In this regard Jodie Whittaker hails from Skelmanthorpe, a village in Yorkshire in Northern England.  Yorkshire is the United Kingdom’s largest county and Skelmanthorpe is noted in the Survey of English Dialects (1950-1961) as having a particularly rich form of dialect.  Whittaker seemingly acted with her own accent in her breakthrough role in Broadchurch (2013-2017).  Will she be allowed or encouraged to do so in Doctor Who?

The BBC has traditionally strongly favoured “received pronunciation”, the standard English spoken in southern England, also sometimes known as “the Queen’s English” and “BBC English”.   Three Doctors have thus far bucked the tradition: the seventh Doctor (Sylvester McCoy) and twelfth Doctor (Peter Capaldi) used Scottish accents and the ninth Doctor (Christopher Eccleston) used a Northern English accent.  Conversely David Tennant, a Scottish actor, was obliged to play the tenth Doctor with a London accent.

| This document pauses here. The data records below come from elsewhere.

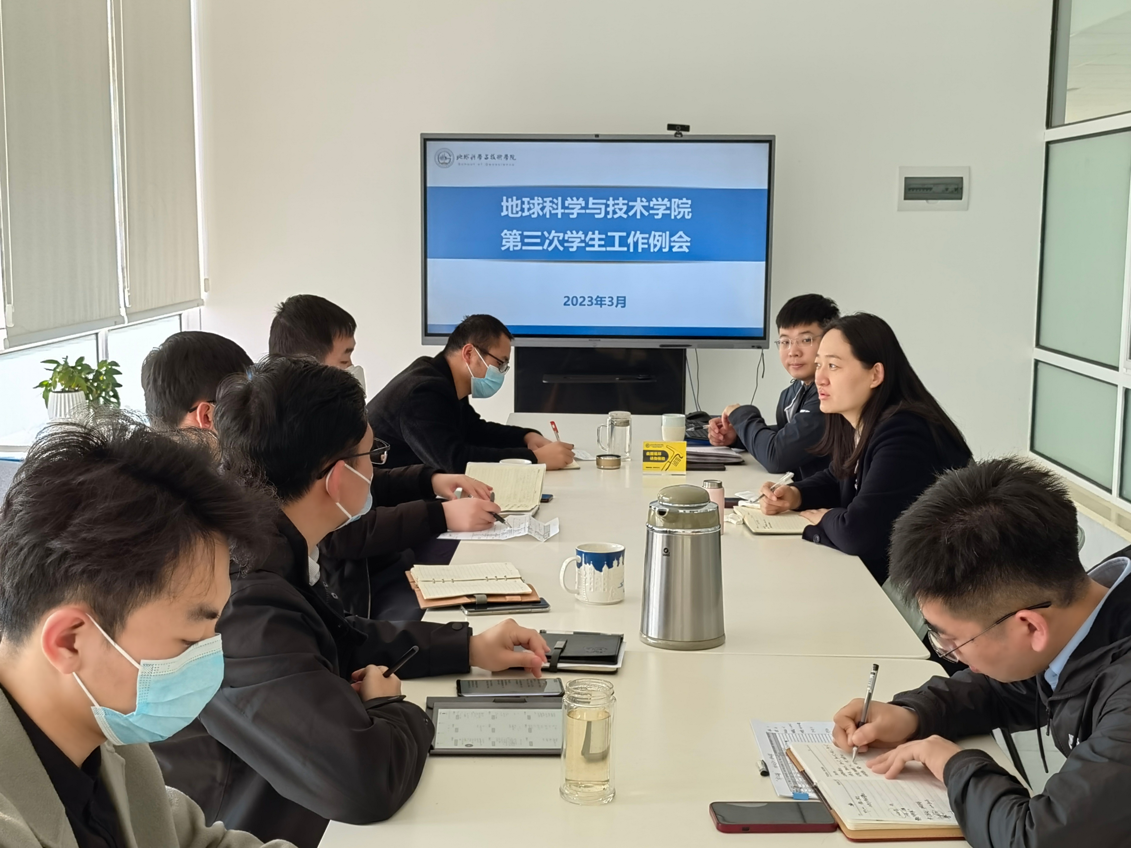 3月28日,学院学生工作队伍在工科楼C座勘探厅召开本学期第三次学生工作例会,党委副书记郑珊珊及全体专兼职辅导员参加,本科生2021级辅导员任金恒主持会议。
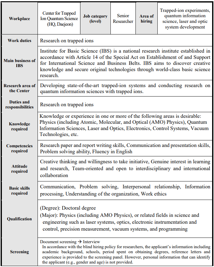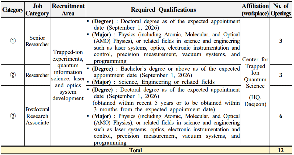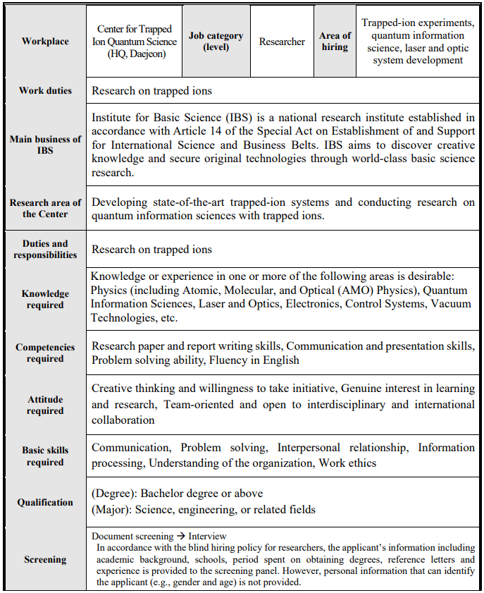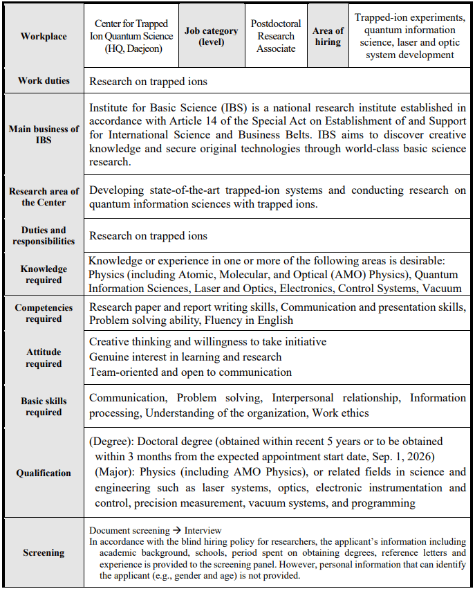 韩国基础科学研究院(IBS)囚禁离子量子科学中心2026年研究岗位招聘公告
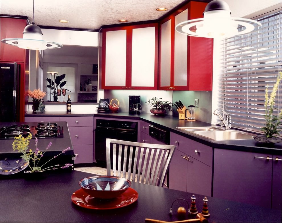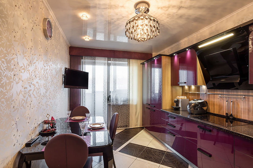 Suitable for a large kitchen and a bold interior that will always look elegant and chic. In combination with light lilac, black will become an accent. For such a duo, it is better to choose a light wallpaper.
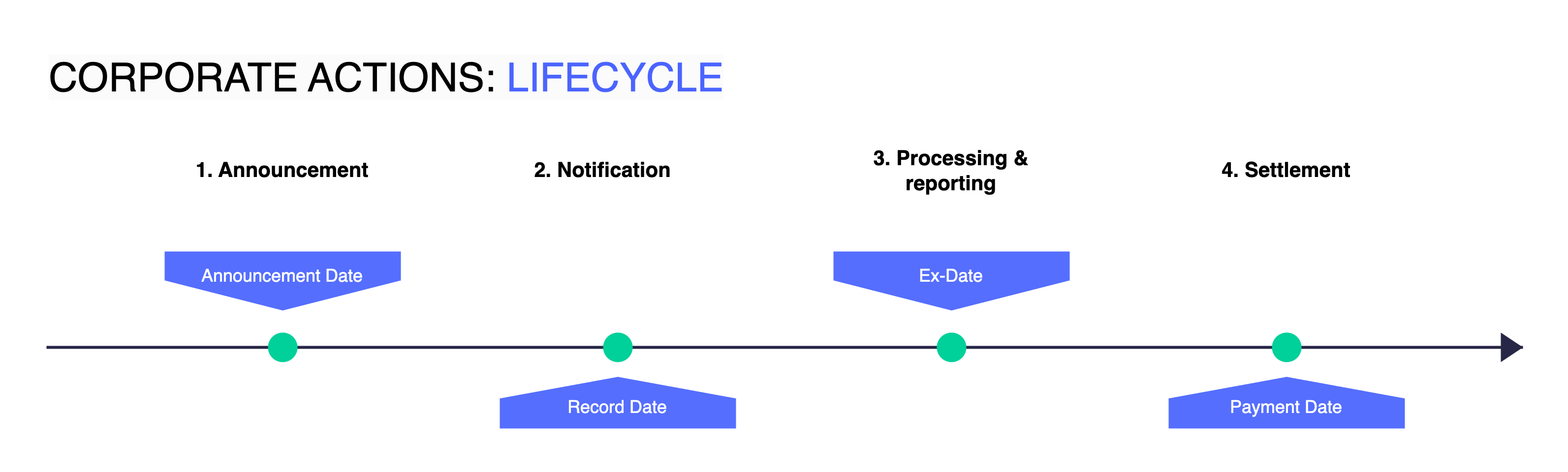 The following diagram outlines an exemplary lifecycle of a corporate action.
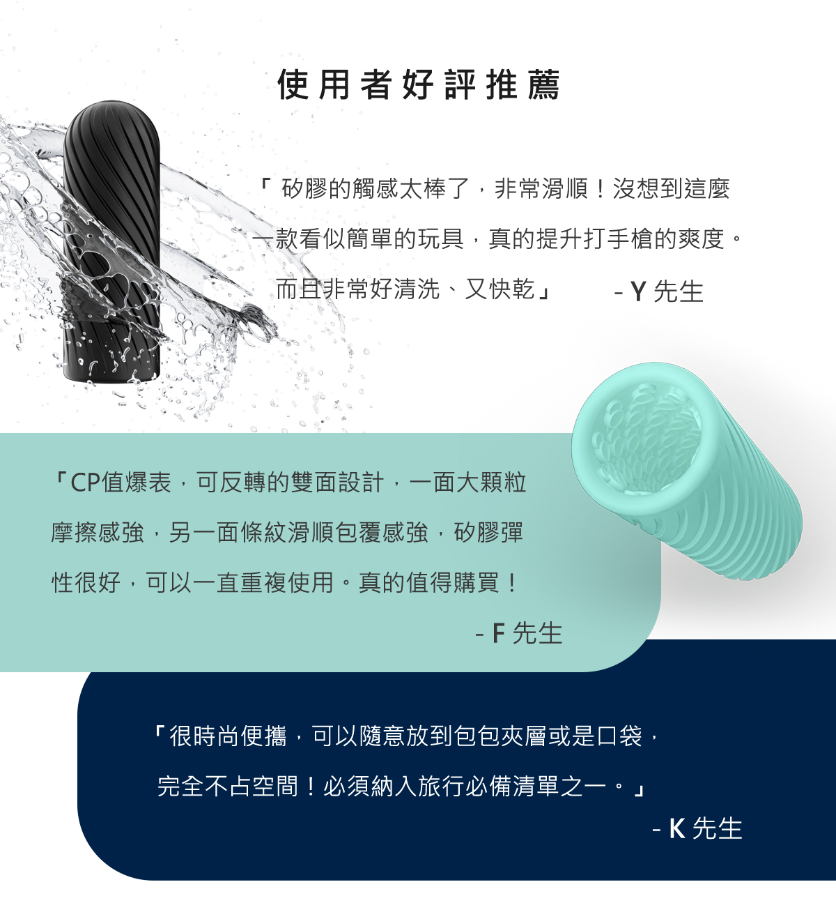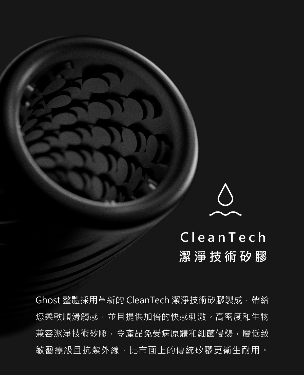 CleanTech 矽膠帶來絲滑細密柔軟的真實觸感,且與一般自慰蛋不同、採符合人體工學的筒狀造型,Ghost 同時實現緊緻包覆與輕鬆掌控!雙面不同的浮凸樣式,翻轉就可讓快感加乘,告別公式化的自慰。備有具通風孔設計特製收納盒,盒內還具有專用固定架,確保透氣衛生、容易收納。
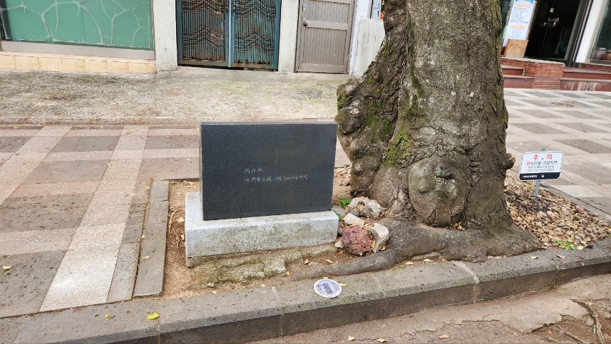 홍윤애의 무덤이 있던 곳이라는 묘지석이 벚나무 옆에 초라하게 만들어져 있을 뿐입니다.
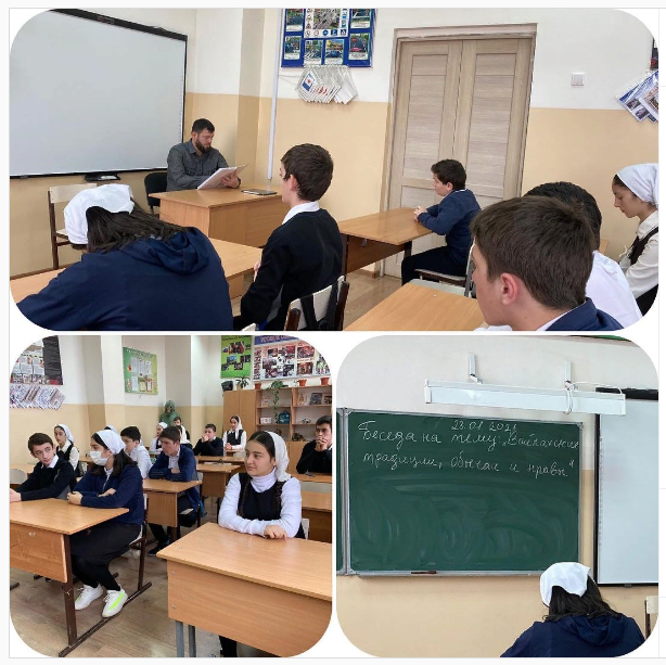28.01.202128. 01.2021 г. директором школы Солсаевым А. Х. была проведена беседа с учащимися 8 „а“ класса на тему «Вайнахские адаты, обычаи и традиции». В своей речи Адам Халидович отметил, что духовность чеченского народа берёт истоки из глубокой древности.
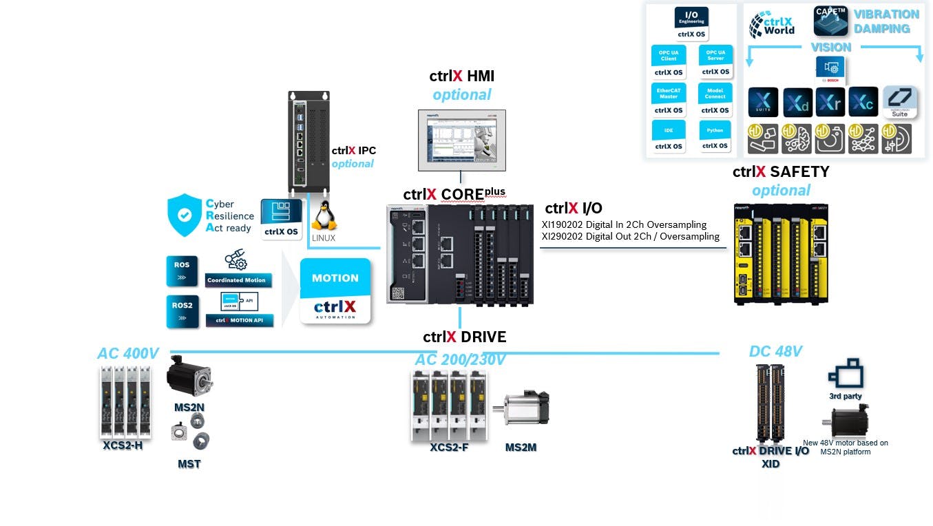 Note: Configuration example for the 48V Technology will be expectedly published in 07.2026, as some of the components of this Solution Set are not depicted yet in ctrlX Configurator. In the meantime please feel free to contact us for a product demo.
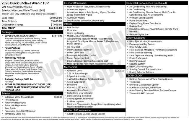 2026 Buick Enclave Avenir 4D Sport Utility iridescent white tricoat 2.5L DOHC AWD --- Please note that the final selling price does not include tax, tag, title, documentation fees, dealer-installed options, or pricing adjustments due to market demand. Financing through GM Financial is required for all discounts to be applied. Special finance offers may not be combined with some factory incentives. While we strive for accuracy, errors may occur, so please verify all information with a customer service representative. For the most accurate pricing, call us at (801) 265-1511 or visit our dealership in person. Prices and payments are subject to change based on manufacturer incentives. ... Sale Price may include dealer discount, $1250 - Buick GMC Bonus Cash $500 - Buick & GMC Consumer Cash Program
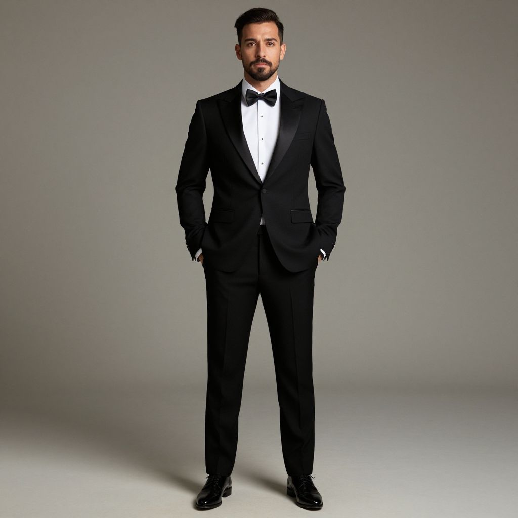 Photograph of a tall, bearded man with short dark hair, standing confidently against a plain grey background. He is wearing a sleek, black tuxedo with a white dress shirt and a black bow tie. His hands are casually placed in his pants pockets, and he is wearing black dress shoes. The tuxedo has a classic cut with a single-breasted jacket and notched lapels. The lighting is even, highlighting the smooth texture of the fabric and the man's well-groomed appearance. The overall style is formal and elegant.
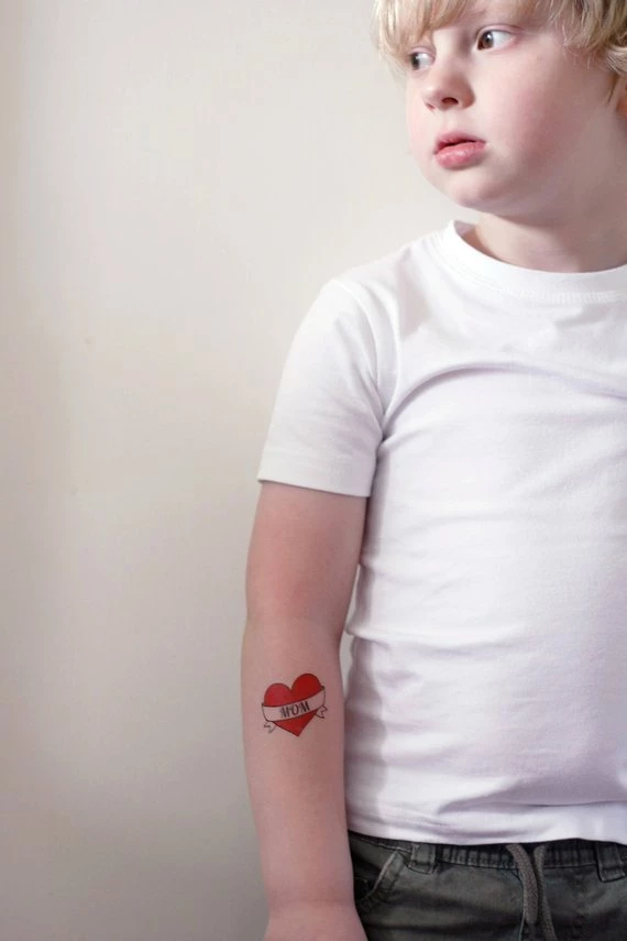 A cute heart with the word ‘mom’ in it. This ‘mom’ tattoo is perfect for your little one on mothers day but also great for a photo shoot!

It was Christopher Eccleston’s Northern accent which proved particularly controversial.  Not only did the Doctor have to explain to a sceptical companion-to-be Rose Tyler that he really was an alien because “lots of planets have a North!” but behind the scenes the actor’s insistence on playing the Doctor with a Northern accent caused a rift with the Doctor Who production team, contributing to his leaving the role after only one series.  Eccleston insisted on using a Northern accent for a political reason: he wanted to challenge discrimination based on the assumption that there was a correlation between accent and intellect.  
The Doctor and Rose none too subtly
articulating British identity -
with Captain Jack providing a contrast

Great Britain is an island, and England a nation, in which the economic centrifugal force is towards London and the South East, as very recently underlined by decisions on the country’s railway links.   Other parts of the country, not least the North, have been economically marginalised under forty years of neoliberalism.  This has been reflected in Brit-Grit films such as The Full Monty (1997), Brassed Off (1996) and I Daniel Blake  (2016) which have depicted people having to rely on each other as the State has retreated from its economic and welfare roles.  Yet despite the Doctor’s recent insistence that London is “a dump” (“The Zygon Inversion” (2015)), much of Doctor Who is still set in London and the south east.  This needs to change.  And if Doctor Who is to be a programme which reflects the whole of Britain there should be no objection in continuing to reflect this in the Doctor’s richly diverse identity – including her accent.